Thursday, November 13, 2008

If GM is neutered, U.S. won't be a player in meeting surging global demand for autos

In the debate over whether GM should be bailed out or pushed into bankruptcy, I see almost no discussion of the big global demand for new vehicles that will come over the next decade, pushed particularly by fast growth in developing countries (like India and members of the Russian Federation). If GM goes under or into bankruptcy, the U.S. will not be a major player in producing the demand for 180 million vehicles from new owners -- on top of replacement demand. Most of that production will be ceded to international makers. Just think about that 180-million number. Say the average global retail price for those cars is $15,000, which is on the low-low end of current average prices. That comes to $2.7 trillion.

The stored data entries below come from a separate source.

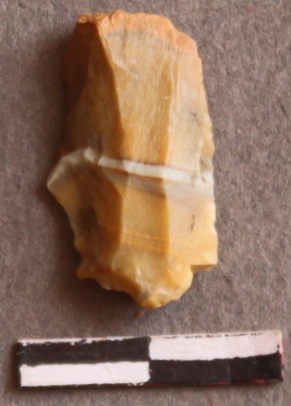 | Description / विवरण | Jasper with stubby rectangular piece with clear flake scars. |
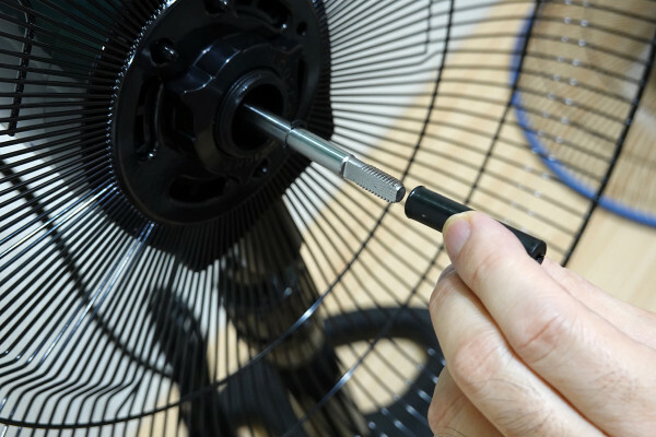 將電扇主體馬達置入於中管,馬達裝上之後就要將主體螺絲旋鎖緊固。
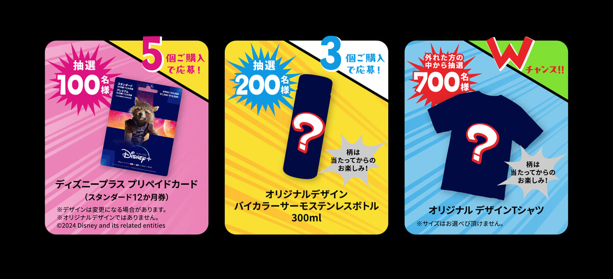 5個購入で応募できるコースには「ディズニープラス」のプリペイドカードスタンダード12か月分、3個購入できるコースは、オリジナルデザインのステンレスボトルが用意されています。
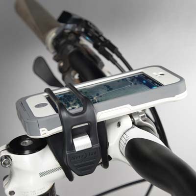 手機搭扣是由一根輕量的彈性硅膠綁帶和一個鋁制搭扣配合組成的,設計簡單但很有效,可以把手機直著橫著綁在車把上,
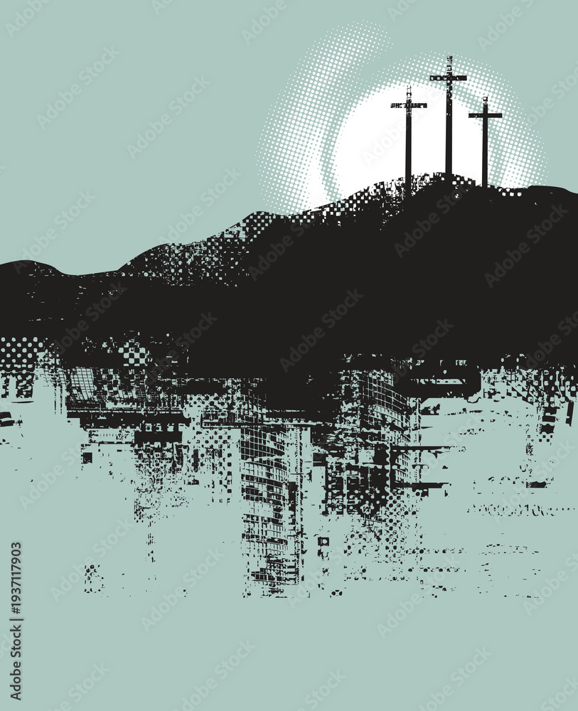 Fototapeta na wymiar - Vector easter banner or icon on Christian theme with three crosses on the hill Calvary on sundown on scratched background in grunge style. No ai.
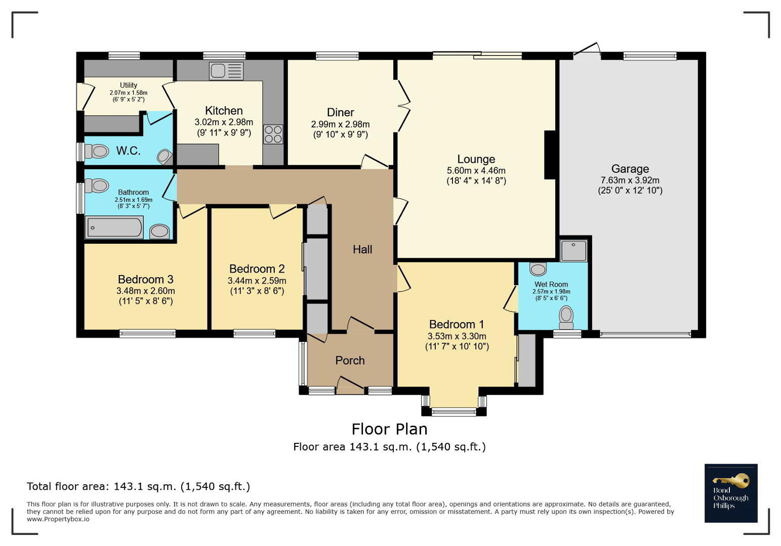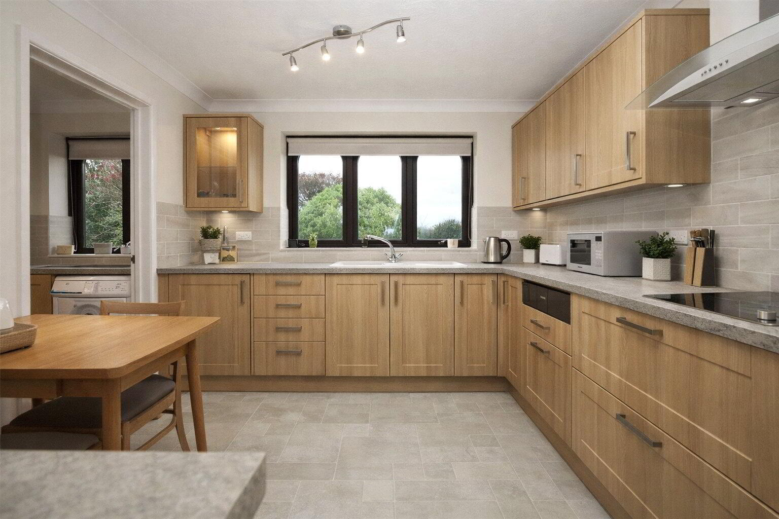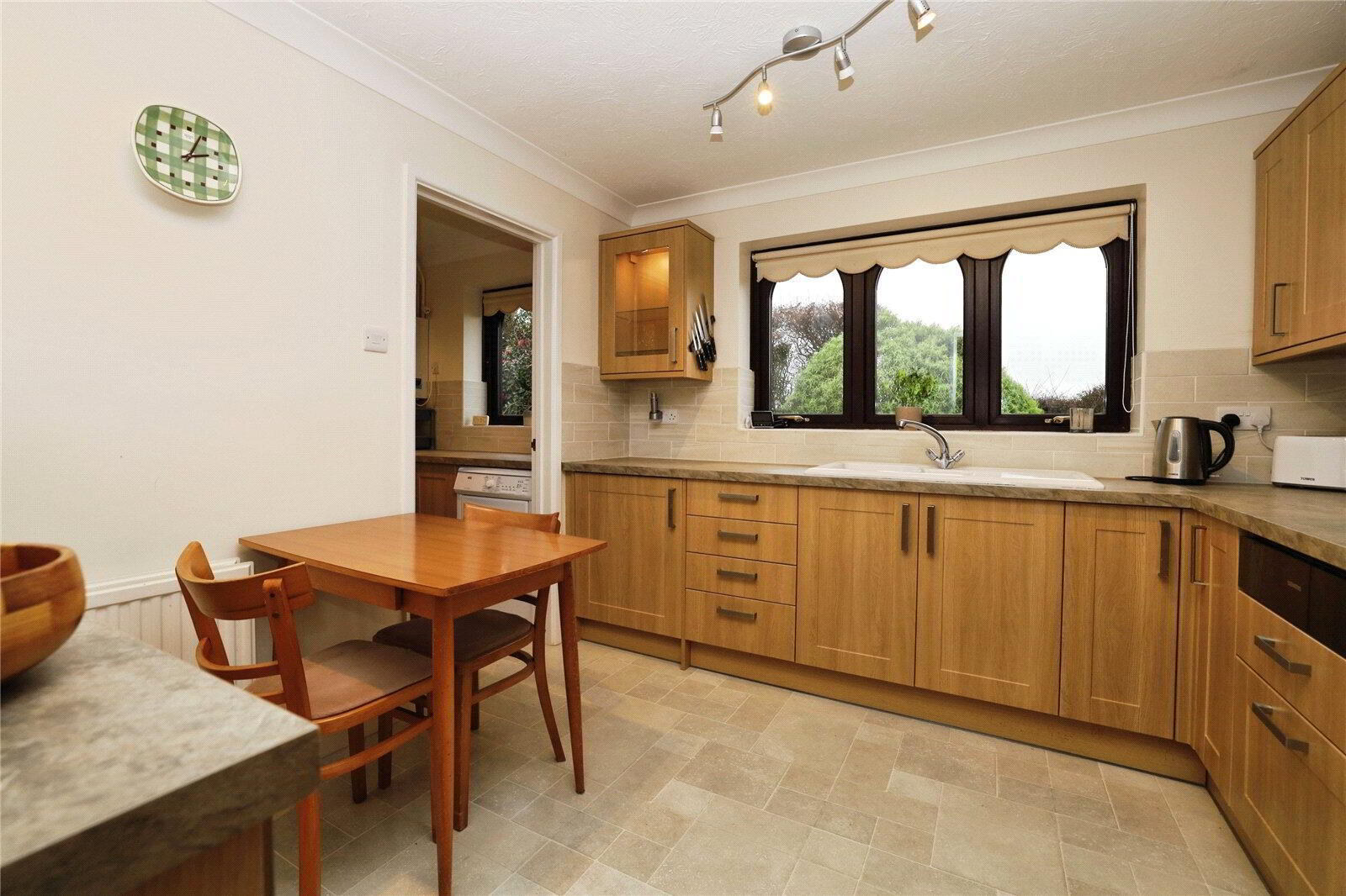 The Kitchen is fitted with a range of wood effect base units with matching drawers, a built-in oven and hob with extractor over, and a contemporary sink positioned beneath a window overlooking the garden. There is also space for a breakfast table, making this a sociable and practical room. A useful adjoining Utility Room provides space and plumbing for appliances, houses the LPG fired boiler, offers access to the rear garden and also includes a Cloakroom.

GM's share of that growth, based on its current 20% of the international market (including the U.S.), would be $540 billion -- or $54 billion a year over two decades. Its fuel-efficient, mid-size Chevrolet Cruze sedan (photo above) will be its major entrant in the global market starting in 2011. It will offer 40 MPG. Figure on a price tag north of the current global Chevy Cobalt, which goes for $15,0000-$17,000.

Keep in mind, too, that if GM were able to keep its market share as that growth gains steam, and production transitions to the all-electric auto (which GM finally is totally committed to), it would provide a big chunk of the 5 million "green collar" jobs that President-elect Obama wants to create over the next decade.

Could GM do that with a bailout? It has a shot -- a far better shot than if it is forced into bankruptcy that will prevent it from taking the expansionary steps it would need to take to be a player in meeting the coming global auto demand. asked a variety of quotable people whether they thought federal bailout money should be available to the Detroit Big Three. The only big foot who raised the issue of future global auto demand was Peter Fenn, a Democratic media consultant. Too many of the other quotables were talking off the top of their heads.